What makes Colorado cost-prohibitive for pro-work-from-home employers?
March 8, 2015 5:51 PM   Subscribe

I recently went through three rounds of interviews for a promising 100% work-from-home remote job. After a long week or waiting to hear back, I was told that I've been removed from the running due to my home state's tax laws. I'm not sure where to begin fact-checking this, but this is the sort of fact I find irresistible to check, especially given the context. The employer is located in Boston, MA.

The exact wording of the rejection was: Because all of their employees working remotely from home, [employer] has to register as an employer in each state in which they have an employee. There are some states in which the tax rules are really prohibitive for them. Apparently, Colorado is one of those states.

Naturally I'm disappointed and curious in that "do you really want to know" sense, because I don't feel it's a bogus answer but it gets my hackles up. I'm not at all thinking of pursuing legal action or complaining in any official capacity (though it does raise an interesting question about "equal opportunity" for jobs that are intended as a perk to be workable by anyone in the country), but I do want to better understand why my state is undesirable for work-from-home employers.

I did not actively look for this job being currently employed but constantly stressed out (enough to have nearly zero energy to actually look for other work during the rough patches), they found me on LinkedIn and I had several positive interviews before the opportunity disintegrated.
posted by aydeejones to Law & Government (4 answers total) 3 users marked this as a favorite
Do you live in Denver proper? One of the things that sprang to mind is Denver's "Occupational Privilege Tax", which is just a fancy phrase for a head tax. The basic rule of thumb is that a company must pay a tax for any employee earning $500 or more a month; thus any company with employees working in Denver must set up an OTP account to pay the city of Denver each month or quarterly for each individual employee regardless of where the company itself is located.
posted by barchan at 6:05 PM on March 8, 2015 [2 favorites]

Best answer: If the employer has more than $50K of payroll in Colorado, it has Colorado corporate tax nexus.

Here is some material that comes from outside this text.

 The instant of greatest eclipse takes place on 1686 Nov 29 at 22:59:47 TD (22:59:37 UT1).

As a result, all of its sales into CO are subject to CO corporate tax. Not every state has this "factor presence" nexus standard; some do.
posted by melissasaurus at 7:07 PM on March 8, 2015 [1 favorite]

I'm a partner in a small software consulting company that has employees all over the US working from home. We had someone in Boulder Colorado for few years. We've also had people in New Mexico, Maine, New York, Ohio, Virginia, Massachusetts and probably other states I'm not remembering right now. I just asked the person who deals with such things whether there was anything particularly difficult about having someone in Colorado and she said, "no".
posted by alms at 2:08 PM on March 9, 2015

Response by poster: I am an Arvada resident. I inquired a little more with the recruiter and they indicated that their client has a really small accounting department and couldn't handle the extra red tape involved with my state on an ongoing basis. I have no reason to believe they were BSing me, it just comes off as such a weird reason, especially with the extra information that it was about extra labor and research rather than potential revenue being reduced.

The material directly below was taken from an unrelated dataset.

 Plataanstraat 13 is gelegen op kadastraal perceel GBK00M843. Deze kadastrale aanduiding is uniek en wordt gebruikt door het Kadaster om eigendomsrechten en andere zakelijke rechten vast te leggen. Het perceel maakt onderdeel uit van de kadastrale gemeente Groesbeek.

It was the almost perfect niche-y job for where I am in my life career and skills-wise so a tough pill to swallow, but I suspect they were just overwhelmed with whatever amount of overhead is involved with the "corporate tax nexus" when the accounting department came into the picture. Maybe it really is a lot of work and maybe they just didn't want to go to the trouble of figuring it out and have more influence than I'd expect on the hiring process.

It feels ridiculous and almost like material for a concerned local news story if it were the sort of thing that happened on a large scale (21st century self-styled employers forbidding certain states' residents from working with them), but if it comes down to "small company too small to even look into how challenging it would be to handle a hire" there's not much there there.

The most annoying thing is that their "how we got started" story revolves around how the company is 100% telecommute because they want the best talent across the US, but they basically have an implicit prohibition against any state that poses extra tax considerations and just figured it out with me.